И тогда он начал действовать.
Аида изображала африканскую страсть. Просто рвала на нем рубаху, а потом устроила под ним танцы какого-то кровожадного племени, сопровождая каждый свой оргазм покусыванием плеча и царапанием спины несчастного (или счастливого?) банкира. Стоны, вздохи и рыдания наполнили комнату.
«Два ноль в мою пользу. Какая дура, я чуть не проболталась насчет Танюхи! На что рассчитывала? Что папашу хватит удар из-за дочери-лесбиянки? Глупо! А вот меня, после таких признаний, он мог бы вышвырнуть из дома. И правильно бы сделал! А если бы и хватил удар? У меня в квартире? Вдвойне глупо! Тут нужна более тонкая игра. С отравлением тоже ничего не выйдет. Китаец слишком предан хозяину. Это видно невооруженным глазом. Вот Марину Хуан Жэнь наверняка ненавидит и с удовольствием бы отравил! На что мне «Дохлая треска»? Это китаец мастер по части рыбных блюд. Надо копать глубже, и не снаружи, а внутри. Внутри этого рыхлого, склизкого тела кроется нечто. Нажмешь — и конец. Только бы распознать это нечто. Страх. Разумеется, страх. Непременно страх. Страх — это сущность Патрикеева. Он боится Сперанского, боится женщин, наверно, боится потерять дочь. Все это слишком мелко. Надо еще глубже. Нужен дикий, животный страх, с холодным потом, с дрожью в членах, с перекошенным лицом, с перехваченным судорогой горлом, с невыносимой болью в кишечнике… А этот придурок Ден предложил мне перестрелку в доме.
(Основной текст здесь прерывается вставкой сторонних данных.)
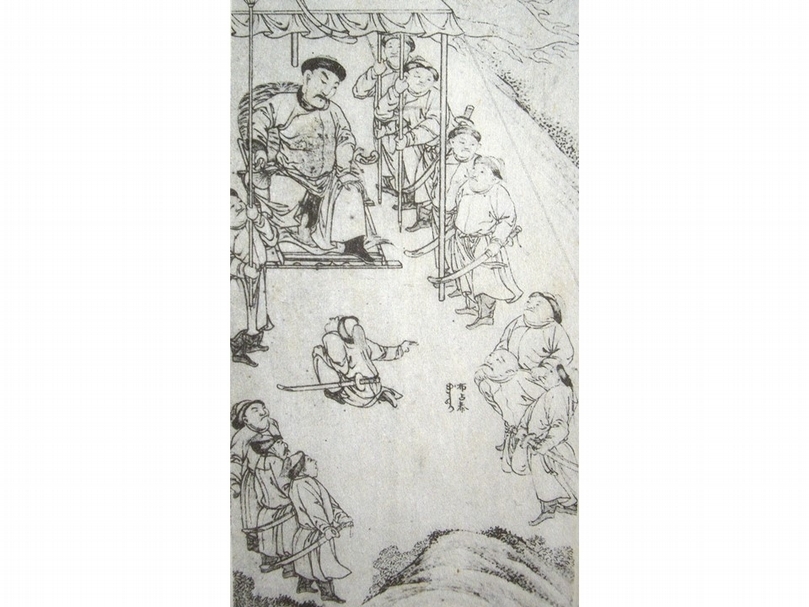 努爾哈赤起兵之初,侍衛由家丁、奴僕構成,所著服飾較為簡單。圖為清〈太祖實錄戰圖〉之「太祖恩養布占泰」局部。(李理、李姝夢提供)

Мол, потом тебя отмажем. Когда потом? Ведь второй выстрел будет за телохранителем, и он не промахнется! Конечно, их с шефом такой финал вполне устраивает. И дело сделано, и денежки не тронуты. Но квартиру я у них все-таки оттяпала!»
— Это сколько же времени? — опомнился Петр Евгеньевич, когда все было кончено. — Двенадцатый час? Боже мой, меня в одиннадцать ждут в банке!
— Уже не дождались, — спокойно констатировала Аида.
— Что? — переспросил он, пытаясь по-ковбойски впрыгнуть в собственные штаны.
— Телефон на кухне. Позвони, скажи, что будешь после обеда, — велела она. — Есть серьезный разговор.
— В чем дело? — испугался Патрикеев, будто ему собирались сообщить, что отныне он СПИД-инфицированный.
— Да не бойся ты, — усмехнулась девушка. — Делай, что говорю.
Но вместо того чтобы броситься к телефону и судорожно искать слова оправдания, он присел на поле только что отшумевшего сражения и провел рукой по лицу.
— Надо же, это не сон. Мы занимались любовью полтора часа!
— Это много?
— Ты же ни черта не знаешь! Это позор всей моей жизни! Не могу с женщиной больше пяти минут. Как мальчишка, ей-богу!
— И с Мариной тоже?
— А что, она какая-то особенная? — Он посмотрел на Аиду и покачал головой. — А вот ты… Ты… С тобой я — настоящий мужчина.
— Хороший ты парень, Петя, — погладила она его по руке, — только с бабами тебе не везло.
— А тебе — с мужиками? Сколько их у тебя было? — он задыхался от ревности.
Она поднесла к его лицу кулак и выкинула указательный палец.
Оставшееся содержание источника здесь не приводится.